Sergio Ermotti will return to his former role as UBS chief executive in April - FABRICE COFFRINI/AFP via Getty Images

UBS has rehired its former chief executive as it works out how to navigate its mammoth rescue of rival Credit Suisse.

Sergio Ermotti was a key figure in rebuilding the banking sector after the financial crisis during his time as UBS boss from 2011 to 2020.

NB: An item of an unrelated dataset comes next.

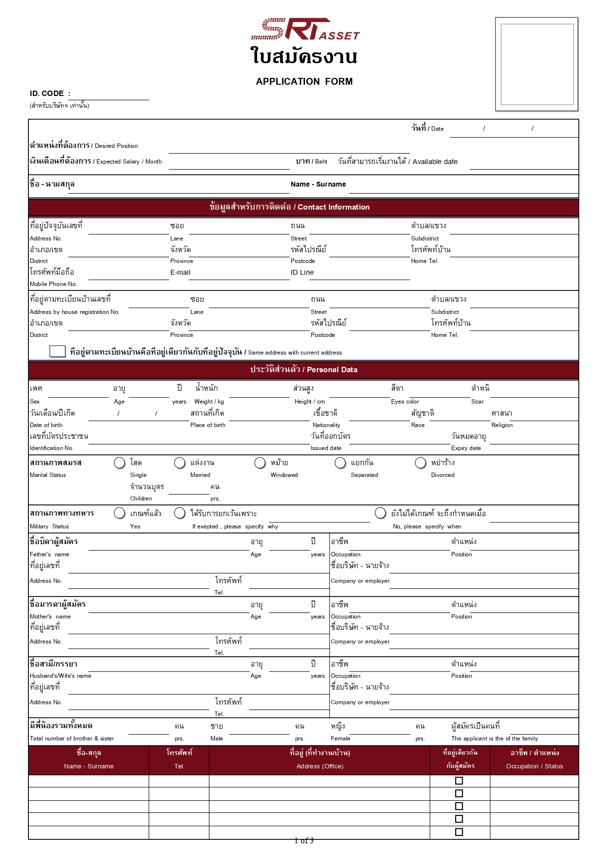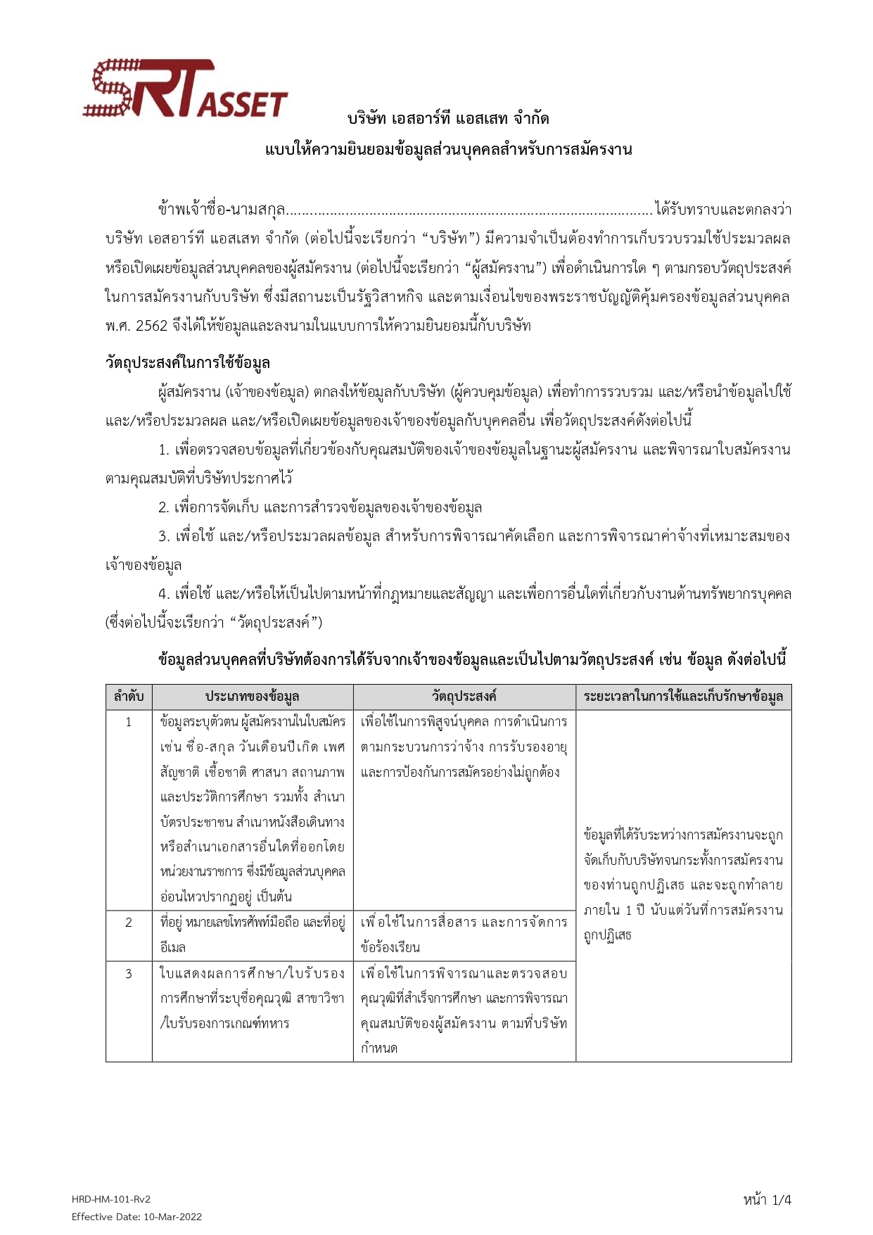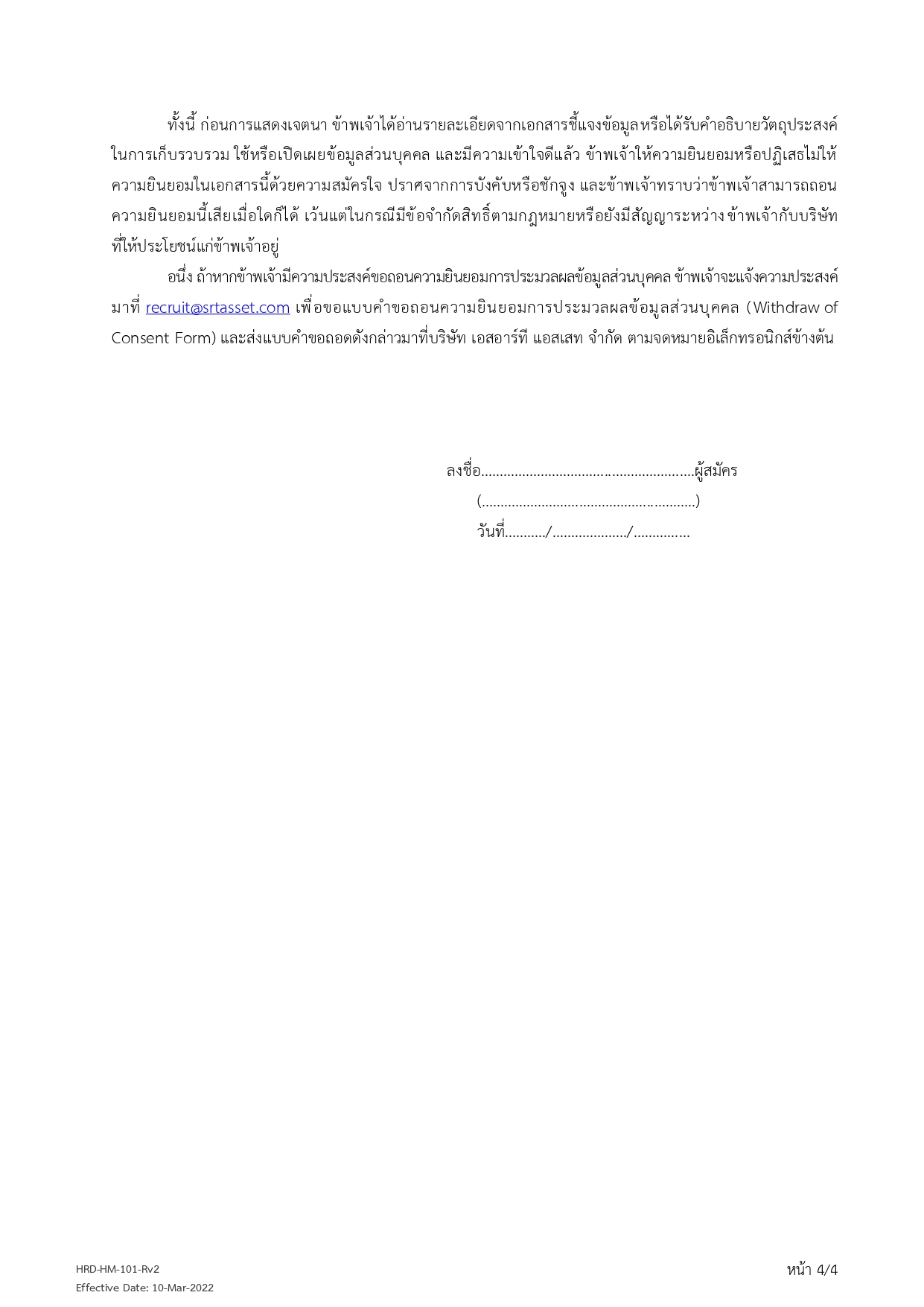 สามารถดาวน์โหลดใบสมัครงานผ่านทางเว็บไซต์ www.srtasset.com

His immediate challenges in his second stint as chief executive will be laying off thousands of staff, cutting back Credit Suisse’s investment bank and reassuring wealthy customers that their cash is safe.

Mr Ermotti, the current chairman of Swiss Re, will take the helm from April 5.

UBS took over its troubled rival Credit Suisse for 3 billion Swiss francs (£2.7bn) earlier this month in a government-brokered deal after a crisis of confidence in the banking sector.

Read the latest updates below.

09:06 AM

Bupa to cut 85 dental practices, hitting 1,200 jobs

Bupa Dental Care is set to cut 85 dental practices in a move that will affect 1,200 staff across the UK, amid a national shortage of dentists and "systemic" challenges across the industry.

The healthcare group said patients at the affected practices have not been able to access the NHS dental service they need.

Bupa, which provides NHS and private dental care, said the 85 practices will be closed, sold or merged later this year, bringing the total number of practices in the UK down to 365.

All the practices will remain open as usual in the meantime.

The move will affect 1,200 employed and self-employed staff, representing more than a tenth of its 9,000-strong workforce. Bupa - Rui Vieira/PA Wire

08:51 AM

Gas prices rise as French strikes continue

European natural gas prices surged to their highest level in more than a week amid impending cold weather and disruption from French strikes.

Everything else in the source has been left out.